Fig. 2. LtaA adopts inward- and outward-facing states.

Fig. 2

Selected residues for cross-linking of LtaA in inward-facing conformation (a) and outward-facing conformation (b). N-terminal and C-terminal domains are shown in light orange and light blue, respectively. The relative abundance of cysteine-containing peptides in absence (−) or presence (+) of N,N’-(o-phenylene)-dimaleimide (o-PDM) is shown in histograms. Collision-induced dissociation (CID) spectrum of cysteine-containing peptides and elution profiles of peptide fragments are shown in Supplementary Fig. 3. Error bars indicate + /− standard deviation (s.d.) (n = 3, biological replicates). *P ≤ 0.05, **P ≤ 0.01, ***P ≤ 0.001, ****P ≤ 0.0001. Asterisks mark the result from unpaired t test. c Cross-linking analysis of LtaA in proteoliposomes.
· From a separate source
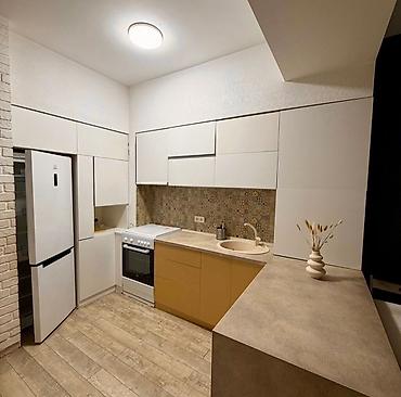 - Кухня линейной планировки с удобной барной/обеденной стойкой: холодильник, духовой шкаф, варочная панель, вытяжка, мойка; достаточное количество систем хранения, фартук с узорной плиткой.

Positions of selected cysteine pairs at the extracellular and cytoplasmic regions of LtaA are shown as spheres. SDS-PAGE show band shifts of samples treated with mPEG5K after irreversible cross-link with o-PDM. Separated species are indicated with arrows. The complete gel is shown in Supplementary Fig. 4C. SDS-PAGE experiments were independently repeated at least three times with similar results. Source data are provided as a Source Data file.